It is common knowledge that most applicant attorneys view Medical Provider Networks (MPNs) as a program created for the benefit of employers. As a result, applicant attorneys do not consider MPN physicians as being unbiased but rather, they believe them to be in “cahoots” with the employer to the detriment of injured workers. After all, the employer was the one who established the MPN and selected its member physicians. With that said, the applicant’s bar usually makes it a point to instruct workers at union meetings and other gatherings to opt-out of an MPN whenever possible by pre-designating a primary treating physician. In plain language, proper pre-designation allows an employee to escape an MPN.
Examiners are often taught that upon notice of a claim they should ask the employer if the worker pre-designated a primary care physician. If so, the injured worker is allowed to seek treatment from the pre-designated physician, even when the physician is outside the MPN. The purpose of today’s blog is to advise employers and claims administrators that it is not enough to simply inquire if a worker pre-designated a primary care physician. The claim administrator must investigate further to determine if the pre-designation was proper. After all, accepting the validity of a designation at face value eliminates the ability of an employer to subjects the injured worker to MPN control.
The rules of pre-designation are numerous but generally simple:
- The pre-designation must be submitted in writing prior to the industrial injury.
- No particular form is required (although Form 9783 is offered by the DWC, such offer is for convenience purposes only – its use is not mandatory).
- The worker must have health insurance from any source at the time of industrial injury.
- The predesignated physician must agree to pre-designation prior to injury, but their agreement need not be in writing.
- The pre-designated physician must have previously directed the employee’s medical treatment and retain their medical records, including medical history.
- The pre-designated physician must be a “personal physician” which means the applicant’s regular physician or surgeon, including a doctor of osteopathy, licensed pursuant to Business and Professions Code 2000, et seq.

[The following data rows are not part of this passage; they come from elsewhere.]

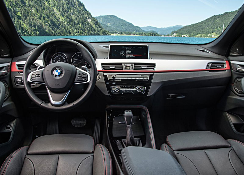 Салон БМВ Х1 2016 отделан тканью с темными матовыми декоративными планками. В оснащении автомобиля есть автоматический двухзонный климат-контроль, подогрев передних сидений, спортивный кожаный руль, спинка заднего сиденья, складывающаяся в соотношении 40:20:40, функция автоматического открывания крышки багажника. А еще — аудиосистема с 6 динамиками, бортовой компьютер, мультимедийная система iDrive с дисплеем диагональю 6,5 дюйма на передней панели и системой громкой связи Hands-free Bluetooth, пакет услуг BMW Teleservices.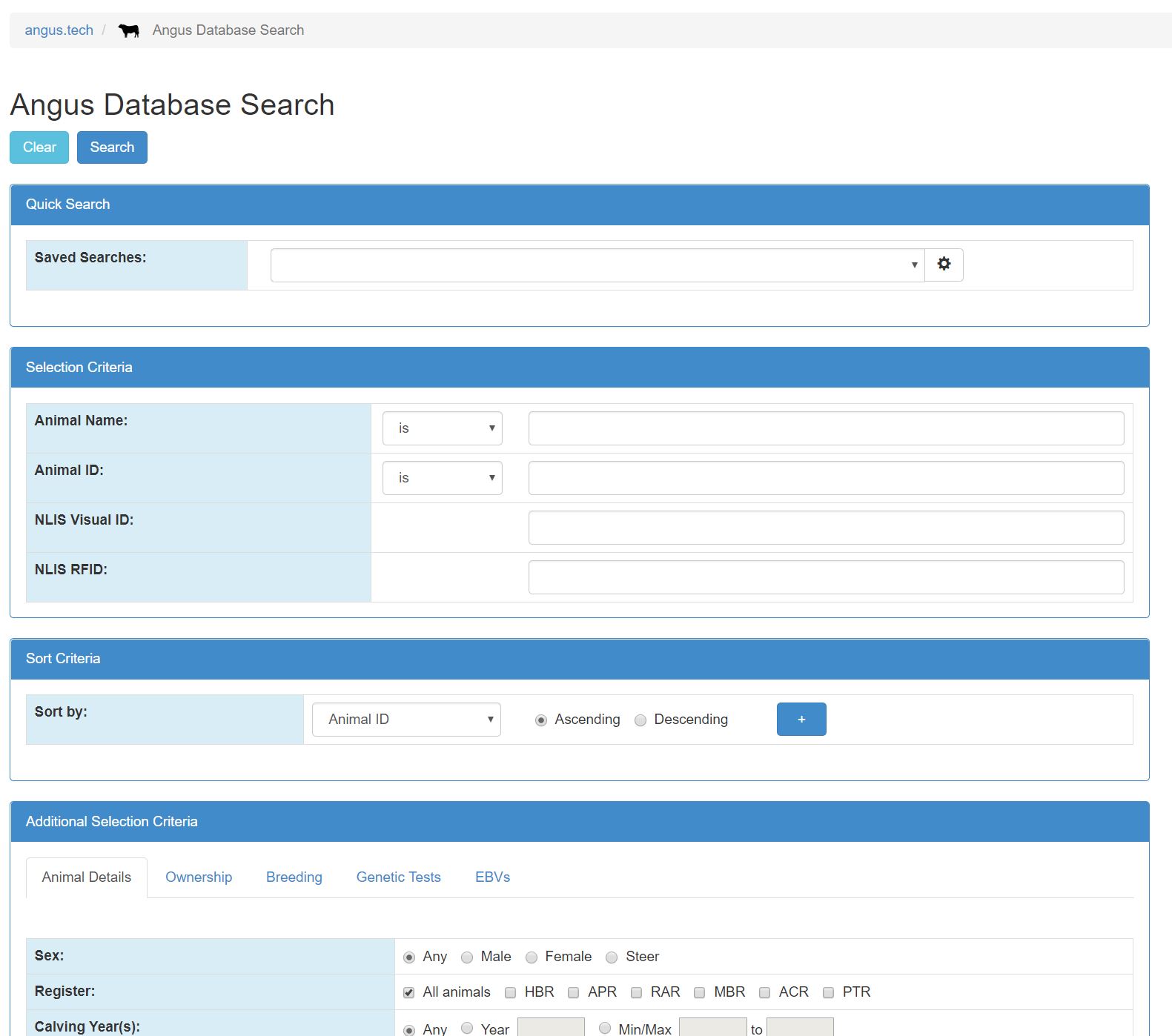 1. Once you have signed in as a registered user and selected ‘Angus Database Search‘ at the top of the page, scroll down the page to the ‘Additional Selection Criteria’ .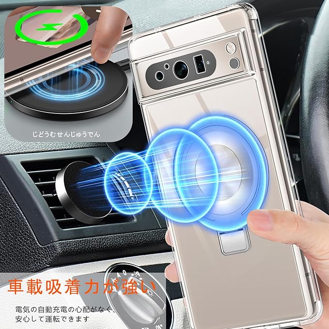 Google Pixel 8 Pro ケース クリア MagSafe対応 スタンド ピクセル8 Pro スマホケース 透明 ワイアレス充電対応 リング 縦横両対応 TPU 背面PC 耐衝撃 黄ばみなし Pixel8 pro カバー ストラップホール付き 全透明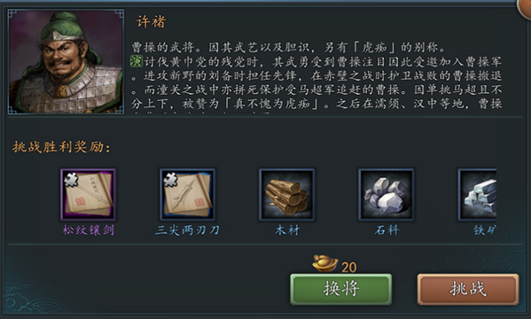 由于挑战副本不会损失兵力以及消耗兵器,因此,我们可以为部队装备兵器后进行挑战。同时,使用酒类道具可以有效地提高部队的作战能力。当部队实力和副本难度差距不大时,可以考虑通过使用酒类道具来增益部队,早日获得首通奖励。同时,如果该难度下,敌方阵容过于强大,也可以考虑点击“换将”按钮,获得随机更换对手的机会。同时,挑战名将副本,推荐各位主公在1倍速度的情况下进行手动操作,把计略和武将技能尽可能留给重要对手,同时,计略最好以控制计略为主,以增加胜算(推荐计略:火牛阵,水淹七军,草木皆兵)。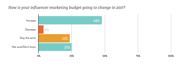 The same study found that influencer marketing budgets would be increasing further in 2017. 37% said that they would be allocating $50,000 to $100,000 for influencer marketing, 21% said that they would spend $25,000 to $50,000. Only 7% said that they would be spending less than $10,000 on influencers.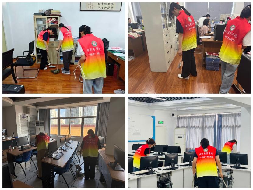 与此同时,在社区服务中心办与三号楼机房内,志愿者们认真清理每一个角落,以细致负责的态度优化办公与教学环境,为师生群体营造了更有序的工作和学习空间,也让机房焕发新的活力。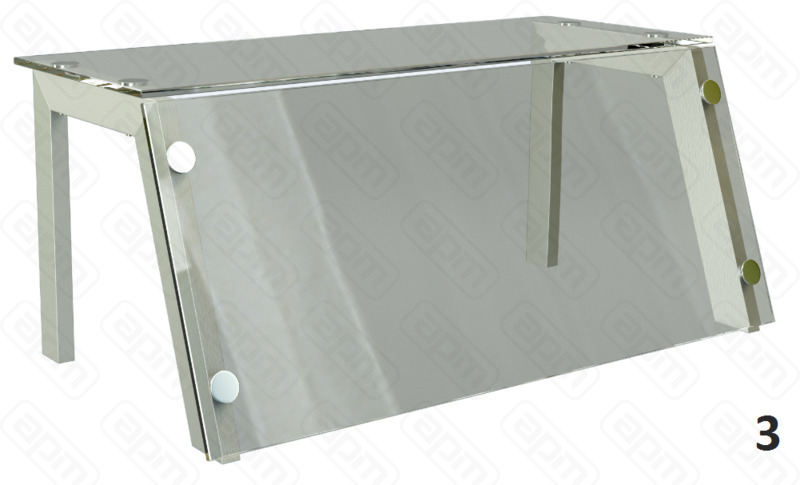 — Полка верхняя из нержавеющей стали марки AISI 304 толщиной 1,2мм и каленого стекла толщиной 8мм, Л-образная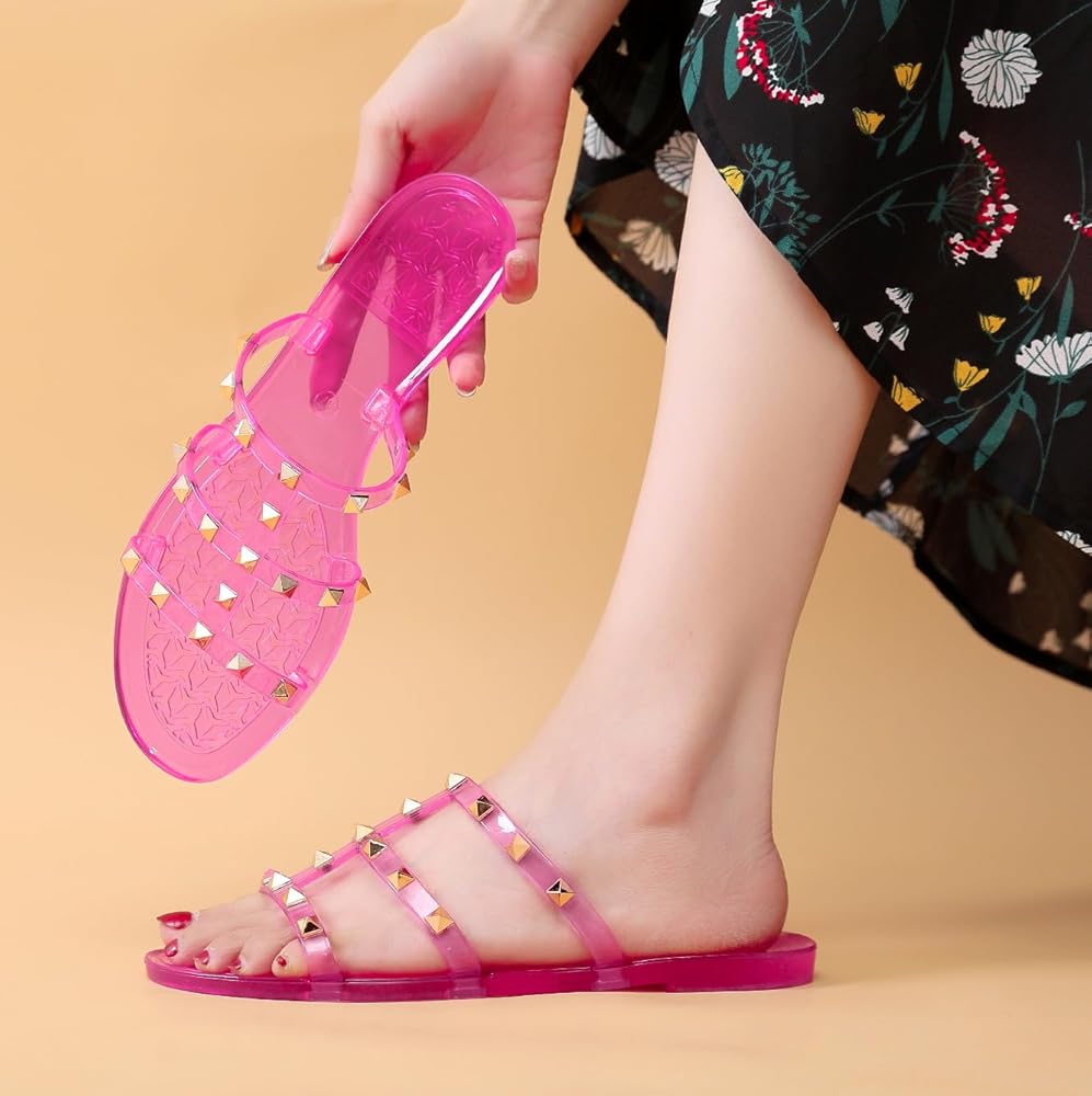 Great Classic Studded Strappy Design - These jelly sandals are designed to add a touch of glamour to any outfit, whether you want for a casual looking. The studded flat sandals for women add a glamorous touch to your beauty and make these sandals perfect for special occasions. These flat jelly sandals are not only stylish but also comfortable to wear!

- A medical group, such as Kaiser or the V.A., may be designated as a personal physician provided that the group is a single corporation or partnership composed of licensed medical doctors or osteopathy that operates an integrated multispecialty medical group providing comprehensive medical serviced predominantly for nonoccupation injuries and illnesses.
- With respect to chiropractors:
- If an MPN exists, the pre-designated physician cannot be a chiropractor.
- If an MPN does not exist a chiropractor may be pre-designated; however, following an injury the employee must first be examined by a physician of the employer’s choice. If additional medical care is required after the initial medical visit, then the employee may request a transfer in writing to the pre-designated chiropractor for follow up treatment.
As stated earlier, a claims adjuster should verify that the pre-designation complies with the above requirements. Any error will disqualify the pre-designation. Employers should also be cautioned that it is a violation of LC 132a to discriminate against an employee for exercising their right to pre-designate. Of importance, it should be noted that absent employee authorization, an employer is not allowed to contact the pre-designated physician prior to injury to verify compliance with pre-designation requirements. Also, if the pre-designated physician requires a consultation or referral to another physician, the pre-designated doctor may select a physician outside the network. However, if the referred physician should require yet another referral, then the referred physician must select someone from within the employer’s MPN.